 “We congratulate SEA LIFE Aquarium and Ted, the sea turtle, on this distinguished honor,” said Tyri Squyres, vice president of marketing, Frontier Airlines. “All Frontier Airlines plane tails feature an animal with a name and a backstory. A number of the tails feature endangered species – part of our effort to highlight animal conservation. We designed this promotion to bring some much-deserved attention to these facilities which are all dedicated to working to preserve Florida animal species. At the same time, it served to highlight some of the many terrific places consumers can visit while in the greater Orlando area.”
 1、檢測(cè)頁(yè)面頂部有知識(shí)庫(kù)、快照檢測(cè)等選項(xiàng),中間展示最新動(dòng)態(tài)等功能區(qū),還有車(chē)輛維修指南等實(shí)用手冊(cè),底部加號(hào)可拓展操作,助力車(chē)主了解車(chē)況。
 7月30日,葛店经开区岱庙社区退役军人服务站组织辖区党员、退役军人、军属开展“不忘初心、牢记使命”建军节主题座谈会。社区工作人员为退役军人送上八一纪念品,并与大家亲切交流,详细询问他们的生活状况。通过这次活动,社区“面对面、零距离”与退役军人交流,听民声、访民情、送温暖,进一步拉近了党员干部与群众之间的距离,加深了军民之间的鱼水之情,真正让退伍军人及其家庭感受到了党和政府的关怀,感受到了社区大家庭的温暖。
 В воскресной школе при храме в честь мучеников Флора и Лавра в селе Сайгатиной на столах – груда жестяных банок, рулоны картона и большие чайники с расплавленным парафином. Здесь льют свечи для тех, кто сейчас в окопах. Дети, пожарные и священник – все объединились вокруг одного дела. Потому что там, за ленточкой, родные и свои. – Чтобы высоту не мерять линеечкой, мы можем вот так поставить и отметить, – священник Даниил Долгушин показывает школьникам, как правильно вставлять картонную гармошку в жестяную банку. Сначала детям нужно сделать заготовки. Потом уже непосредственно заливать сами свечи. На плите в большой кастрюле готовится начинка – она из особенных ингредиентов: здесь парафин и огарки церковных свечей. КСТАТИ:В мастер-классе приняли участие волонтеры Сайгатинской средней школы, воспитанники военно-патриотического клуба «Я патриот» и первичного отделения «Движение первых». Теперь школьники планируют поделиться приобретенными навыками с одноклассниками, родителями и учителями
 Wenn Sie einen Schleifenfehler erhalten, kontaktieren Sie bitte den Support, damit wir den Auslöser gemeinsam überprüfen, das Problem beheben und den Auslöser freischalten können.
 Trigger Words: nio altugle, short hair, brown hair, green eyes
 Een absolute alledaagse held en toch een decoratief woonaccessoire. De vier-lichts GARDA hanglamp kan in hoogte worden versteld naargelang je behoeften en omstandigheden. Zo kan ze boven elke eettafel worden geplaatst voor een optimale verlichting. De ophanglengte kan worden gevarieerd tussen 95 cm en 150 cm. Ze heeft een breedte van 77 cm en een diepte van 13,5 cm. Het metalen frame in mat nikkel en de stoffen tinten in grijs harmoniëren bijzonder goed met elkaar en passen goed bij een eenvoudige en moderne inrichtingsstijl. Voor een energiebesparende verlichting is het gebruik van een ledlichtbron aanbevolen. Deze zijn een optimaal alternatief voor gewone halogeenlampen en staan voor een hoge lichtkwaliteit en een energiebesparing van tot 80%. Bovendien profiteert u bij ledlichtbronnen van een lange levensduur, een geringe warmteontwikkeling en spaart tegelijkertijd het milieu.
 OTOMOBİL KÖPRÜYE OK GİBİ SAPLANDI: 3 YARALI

· · ·

What is expected
Return the lines from the one containing "Een absolute alledaagse" through the last line of the records. Include both ends and nothing else.

Task response
 Een absolute alledaagse held en toch een decoratief woonaccessoire. De vier-lichts GARDA hanglamp kan in hoogte worden versteld naargelang je behoeften en omstandigheden. Zo kan ze boven elke eettafel worden geplaatst voor een optimale verlichting. De ophanglengte kan worden gevarieerd tussen 95 cm en 150 cm. Ze heeft een breedte van 77 cm en een diepte van 13,5 cm. Het metalen frame in mat nikkel en de stoffen tinten in grijs harmoniëren bijzonder goed met elkaar en passen goed bij een eenvoudige en moderne inrichtingsstijl. Voor een energiebesparende verlichting is het gebruik van een ledlichtbron aanbevolen. Deze zijn een optimaal alternatief voor gewone halogeenlampen en staan voor een hoge lichtkwaliteit en een energiebesparing van tot 80%. Bovendien profiteert u bij ledlichtbronnen van een lange levensduur, een geringe warmteontwikkeling en spaart tegelijkertijd het milieu.
 OTOMOBİL KÖPRÜYE OK GİBİ SAPLANDI: 3 YARALI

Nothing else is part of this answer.